3.3. Linking Genotype and Phenotype in a Newly Constructed Maize Core Collection

While large-scale germplasm collections offer abundant raw material for genetic research and breeding, their sheer size poses challenges in management, evaluation, and practical utilization. To address this, the concept of a “core collection” was introduced, providing a targeted strategy to reduce redundancy while preserving genetic diversity [48,49,50,51].
Since its inception, the core collection framework has been extensively studied worldwide, with efforts focused on construction methodologies, sampling strategies, and analytical techniques to ensure representativeness. Recent advancements in molecular marker technologies, such as SSRs (Simple Sequence Repeats), SNPs, and resequencing, have significantly enhanced the accuracy of core collection assembly by enabling precise assessments of genetic diversity [52,53,54,55]. This approach has already been successfully applied in multiple plant species [56,57,58]. Well-constructed core collections can capture more than 90% of a germplasm bank’s allelic diversity while representing just 10–20% of its accessions [59,60,61,62].
In our study, we integrated phenotypic diversity, genotypic variation, and trait associations to construct a comprehensive maize core collection. Ultimately, 172 accessions (29.25% of the total) were selected, capturing a broad genetic base. Salt–alkali tolerance was evaluated for all 172 core germplasm accessions during germination: 65 accessions were classified as salt–alkali tolerant, including 18 with strong tolerance. These accessions serve as invaluable genetic resources for improving maize performance in saline–alkaline soils, particularly for enhancing the utilization of marginal lands in northern regions. They also represent prime breeding material for gene function studies, marker-assisted selection (MAS), and new variety development. The establishment of this unified core collection provides a practical model for balancing genetic diversity with efficient germplasm use in maize breeding, offering both theoretical insights into genetic conservation and tangible applications for crop improvement.

4. Materials and Methods

4.1. Plant Materials

This study involved 588 maize (Zea mays L.) inbred lines planted in Heilongjiang Province, China, during the 2023 and 2024 growing seasons. Field traits were assessed from August to September each year. The accessions were collected from diverse sources, including 148 lines from northern maize breeding institutions, 36 European germplasm resources, 34 self-developed inbred lines, and 370 parental inbred lines of commercially important hybrids from eastern and northern China (Figure 7) (Supplementary Table S10).

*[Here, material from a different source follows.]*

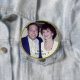 Happy Anniversary Circle Photo Template with Gold Frame. Button/Lapel Pin is ready to customize. Change the photo and/or change the text.

4.2. Phenotypic and Physiological Trait Assessment

All materials were planted at the experimental base of Northeast Agricultural University, located in Xiangyang Township, Xiangfang District, Harbin. Plots consisted of three rows per line, with each row measuring 5 m. For each inbred line, morphological data were collected from 10 replicate plants in each experimental plot. The field trials were conducted in two replications, following standard agronomic practices. Three plants were randomly selected from the middle row of each plot to assess phenological stages. According to the standard process for maize phenotype identification, 19 indicators, including plant architecture, ear morphology, grain characteristics, and yield-related traits, totaling 19 phenotypic indicators [46]. These traits were quantitatively evaluated across both growing seasons.
Trait means were tested for normal distribution and visualized through distribution plots. Correlation analyses among traits were conducted using R 4.3.1. A weighted affiliation function was used to evaluate the 19 traits across all accessions. Microsoft Excel 2016 was used to record data and compute mean values. Trait standardization was performed using Z-scores in SPSS v20.0 to ensure comparability across traits. One-way analysis of variance (ANOVA) and Duncan’s new multiple range test were performed in SPSS v20.0 (IBM, Armonk, NY, USA), with statistical significance set at p < 0.05. All results are presented as mean ± standard deviation (SD), based on three biological replicates.
Data visualizations were generated using Origin Pro 2019 (OriginLab Corporation, Northampton, MA, USA), RStudio v3.6.1, and GraphPad Prism 8.0.0 to ensure clarity and reproducibility.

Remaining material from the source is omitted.